Manuel Juan Somoza/La Habana

Gracias al oficio he conocido otras culturas y he podido constatar que donde quiera que vivan, los cubanos no ocultan ni olvidan sus raíces, tengan la visión que tengan de lo que ocurre en la isla.

En Miami, participé con mis viejos, mis tíos y mis primos en una especie de juego de nostalgias. Se empinaba el siglo en curso y ellos habían dejado Cuba en los años 60 del milenio anterior, cuando la revolución abría y cerraba esperanzas.

El juego consistía en nombrar una calle de La Habana y recordar cómo era cuando ellos vivián en el país, cuáles los nombres de los negocios radicados en la zona y dónde estaban las paradas de “las enfermeras”, como le decían a aquellos blancos ómnibus urbanos de fabricación inglesa.

Viví un apego similar a sus costumbres con los vietnamitas en Argel, mientras los que quieren seguir mandando al mundo suponían que quebrarían al “Vietcong” a tiros, bombas y napalm.

De la mano de Tuc, así se llama mi amigo vietnamita, conocí a la dueña del principal restaurante de comida “china” de la ciudad y supe que la distinguida madame, vietnamita nacionalizada francesa, enviaba a sus compatriotas en Hanoi la mayor parte de sus ganancias “para ayudar a ganar la guerra”, según me confesó.

En la Habana Vieja fui amigo del frutero “Luis”, chino llegado de Cantón, que españolizó su nombre “pa´yudal a negocio”, me dijo cierto día.
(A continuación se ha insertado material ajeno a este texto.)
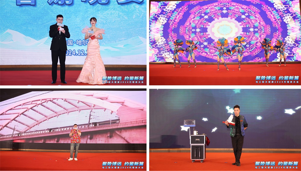 23日晚,哈三聯(lián)大健康2024代理商答謝晚宴如約而至。異域風(fēng)情的迎賓舞,冰雪純粹的歌聲,高潮迭起的魔術(shù)令晚宴融洽而熱烈。

Pero cuando atravesé las apariencias, él seguía orando y añorando como el resto de los suyos en su aldea.

Y cuento esto porque en días de Olimpiada en París he vuelto a ver a los cubanos ser como son donde quiera que ellos vivan, incluso después de caerse a piñazos en una eliminatoria de boxeo.

Nacido y formado en Cuba, vi y confieso que sufrí cuando Loren Berto Alfonso le ganó a quien sigue en el país caribeño, Julio César La Cruz, y batallaba por su tercer título olímpico.

Berto lo sacó de los juegos, le apagó el sueño y aun así, en espectáculo estremecedor para cualquiera que tenga la capacidad de sentir, ambos se abrazaron en el ring y el que nació cubano y se nacionalizó azerí dedicó su triunfo a esta isla de misterios y huracanes.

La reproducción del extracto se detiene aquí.